Momen said the Bangladesh ambassador in Tripoli has already sent mission officials to Tunisia for looking after the matter. “It’s not possible to say the exact number of the dead right now. What we came to know is that the rescue operation is still going on,” he said.

The foreign minister said Bangladesh embassy in Libya is keeping contact with the Red Crescent in Tunisia.
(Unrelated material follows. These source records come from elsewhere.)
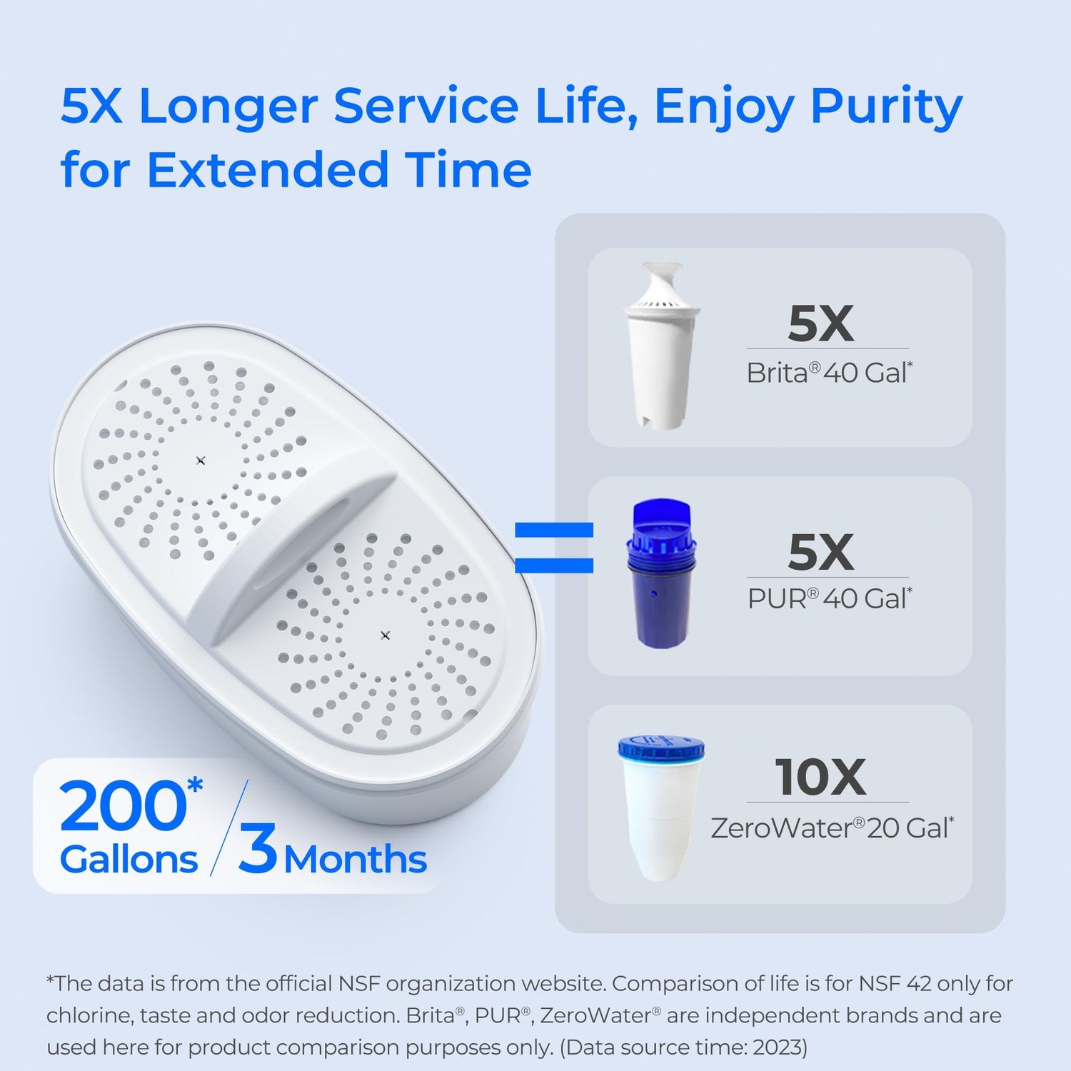 - 5x Longer Lifespan: The filtered water pitcher has a filter lifespan of up to 200 gallons or 3 months. You can purify your drinking water for a longer time. The flow rate helps increase filtration efficiency of clean drinking water.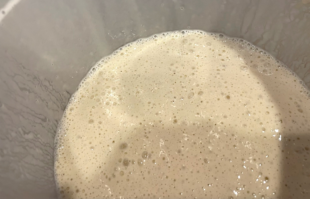 Scott showed me his starter which he said he “feeds every day. It’s very active and bubbling, I don’t use any yeast.”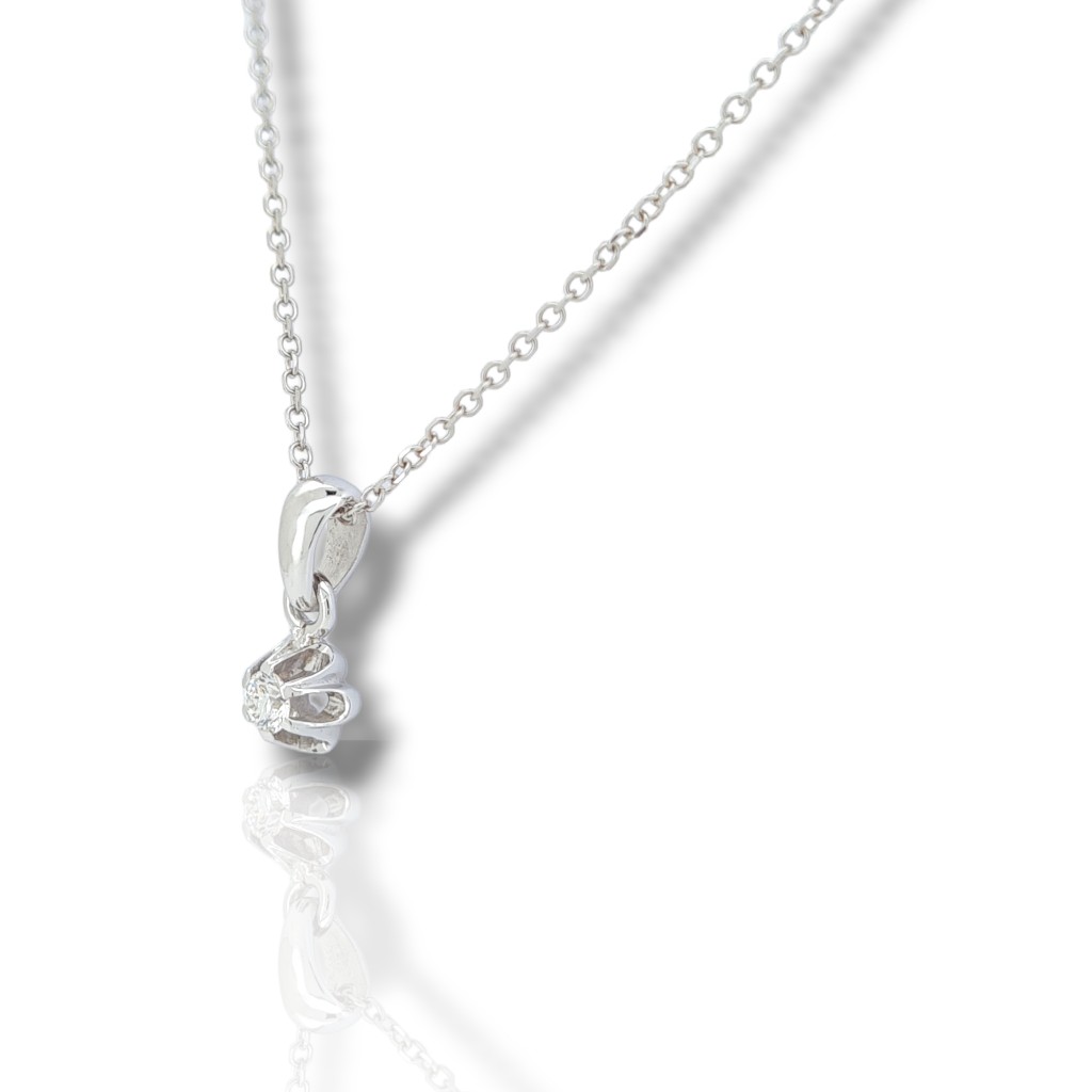 Μονόπετρο κολιέ απο λευκόχρυσο με μπριγιάν 0.08ct VS1/Ε. Στην τιμή συμπεριλαμβάνεται η αλυσίδα 45cm.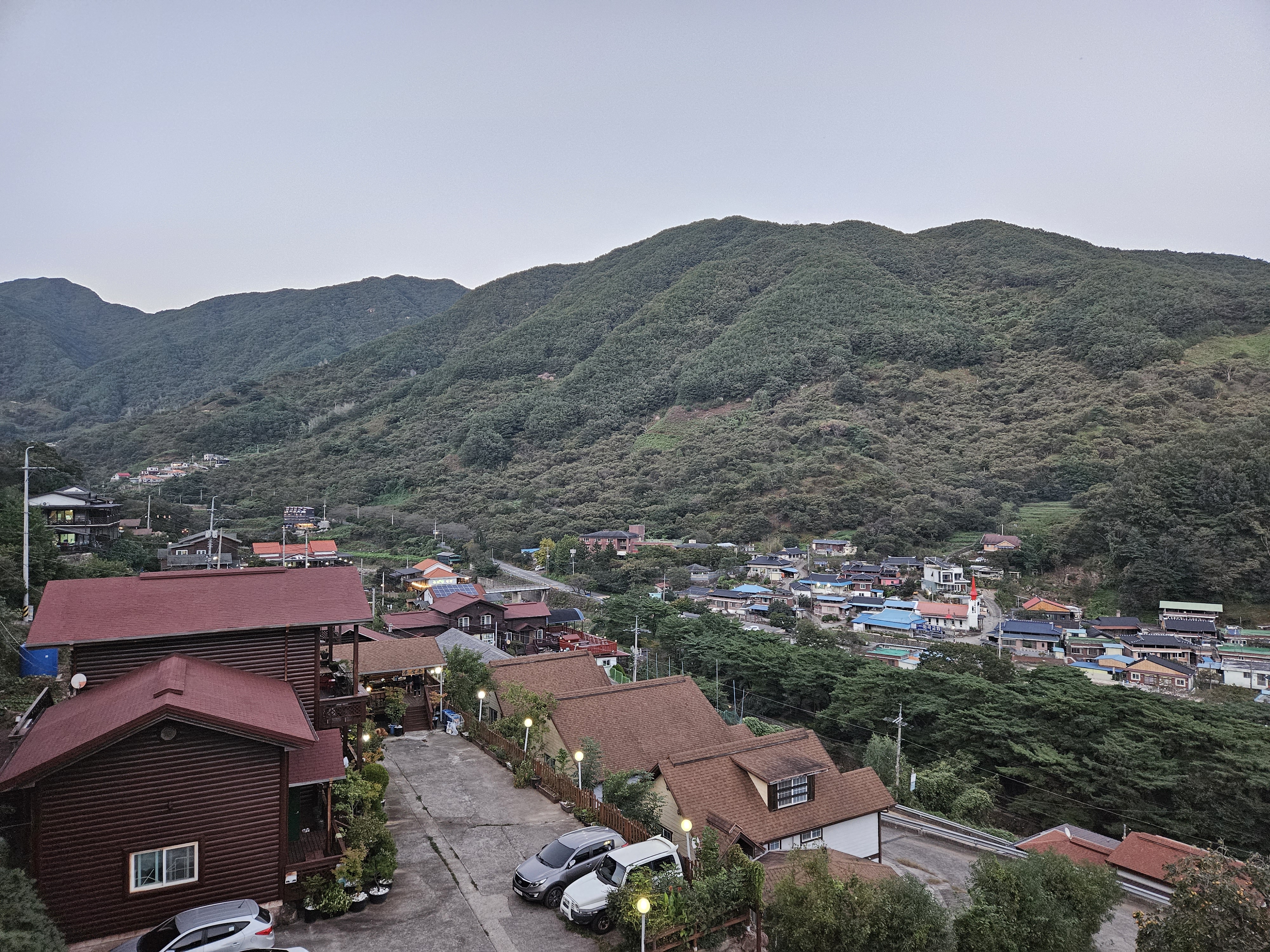 저희가 묵은 숙소는 펜션단지 맨 꼭대기였어서 아래쪽 펜션단지 뷰가 다 보였어요.

Currently, Momen said, Bangladesh is not sending any workers to war-torn Libya. “These Bangladeshi nationals had probably entered Libya via any of the Middle Eastern countries with the help of human traffickers,” he added.

Noting that these types of tragic incidents have been continuing since long, the minister said, “I don’t know how to stop it.”

Momen laid emphasis on taking coordinated efforts involving all relevant ministries and immigration police so that no Bangladeshi national can cross the country’s border with the intention of illegal migration.

Quoting the Tunisian Red Crescent, AFP reported that around 60 migrants, most of them from Bangladesh, have died after their boat capsized in the Mediterranean Sea when it left Libya for Italy.

Survivors told the Red Crescent that the tragedy unfolded after some 75 people who had left Zuwara on the northwestern Libyan coast late Thursday on a large boat were transferred to a smaller one that sank off Tunisia.

Survivors said the boat was heading to Italy and had on board only men, 51 from Bangladesh, as well as three Egyptians, several Moroccans, Chadians and other Africans, AFP reported.